Although in the digital humanities, researchers use software tools to conduct their research, and often apply these tools to data the software was not developed for, there has been little attention for investigating tool performance on this data. This is strange because in order to be able to appraise the results of digital humanities research, it is important to understand to what extent the tool output is correct.
To illustrate the importance of the validation of tools, this article presents a case study of validating Arabic root extraction tools. Arabic words are based on root letters; three root letters usually demarcate a semantic field.
Thus, roots can be used for studying semantic fields. For example, researchers can gain insight into the relative importance of the different senses (i.e. seeing, hearing, touching, smelling, and tasting) in Arabic jurisprudence (filth) by extracting and counting roots.
A problem is that there are only a few usable tools available. We take three root extraction tools, Khoja (Khoja and Garside, 1999, Stemming Arabic Text.
Lancaster, England: Lancaster University), ISRI (Taghva et al., 2005, Arabic stemming without a root dictionary. In International Conference on Information Technology: Coding and Computing (ITCC'05).
Vol. 2. Las Vegas, NV, April 2005 pp. 152-57), and AlKhalil (Boudlal et al., 2010, Alkhalil morpho sysl: a morphosyntactic analysis system for Arabic texts.
In International Arab Conference on Information Technology.
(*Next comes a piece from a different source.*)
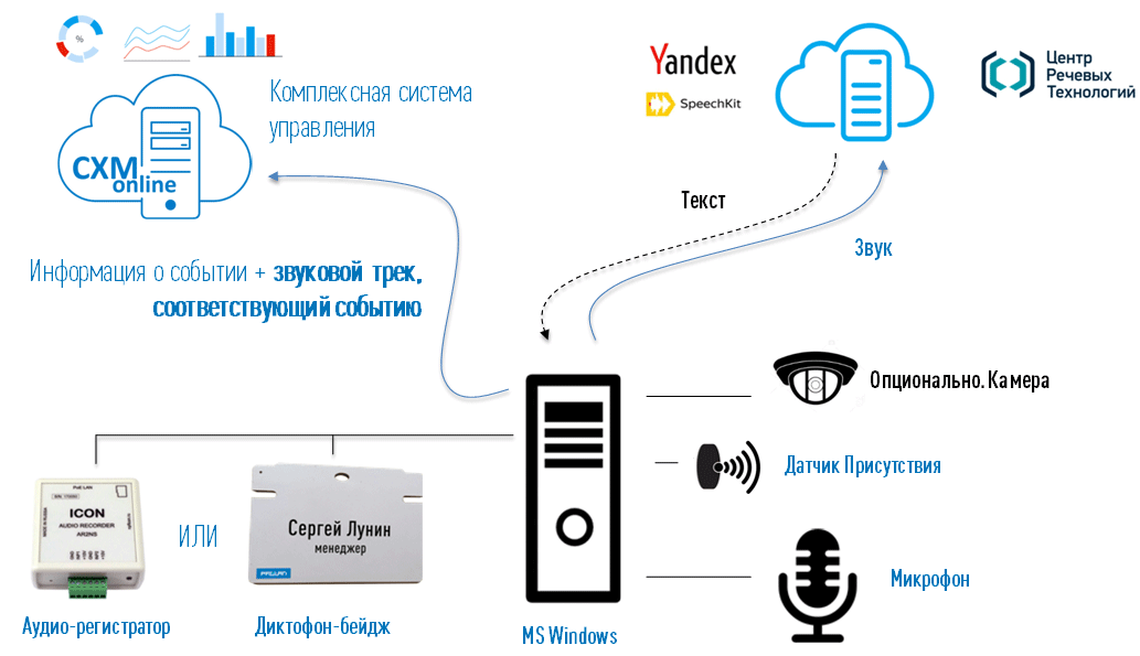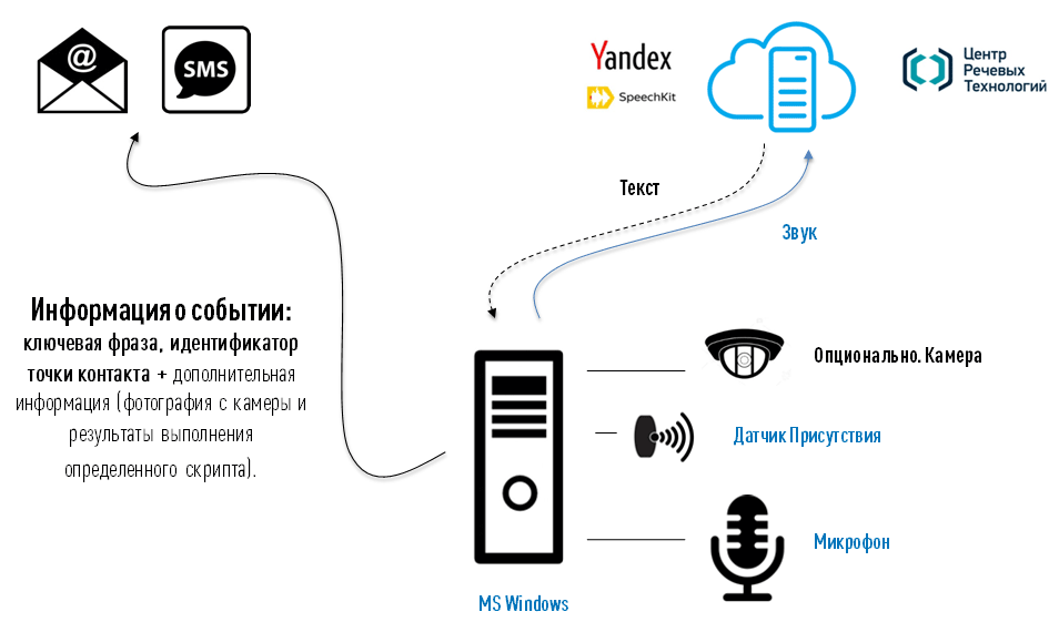 После произнесения в точке контакта ключевого слова или фразы, например "возмутительно", "дорого" и т.п., на определенные адреса электронной почты автоматически отправляется сообщение, включающее ключевую фразу, идентификатор точки контакта, где она прозвучала, фотографию с web/IP камеры, дополнительную информацию, получаемую в результате выполнения VB-скрипта (например, информация о составе чека).

New York, NY: Elsevier Science Inc., April 2017, pp. 1-6), and create manually annotated gold standard data consisting of three samples of approximately 1,000 words from important books of Islamic jurisprudence.
We show that Khoja is the best root extraction tool for our data. We also demonstrate that the relative counts of individual roots differ among tools, which leads to a different interpretation depending on which tool is chosen.
This means that findings based on automatically extracted roots should always be interpreted with care.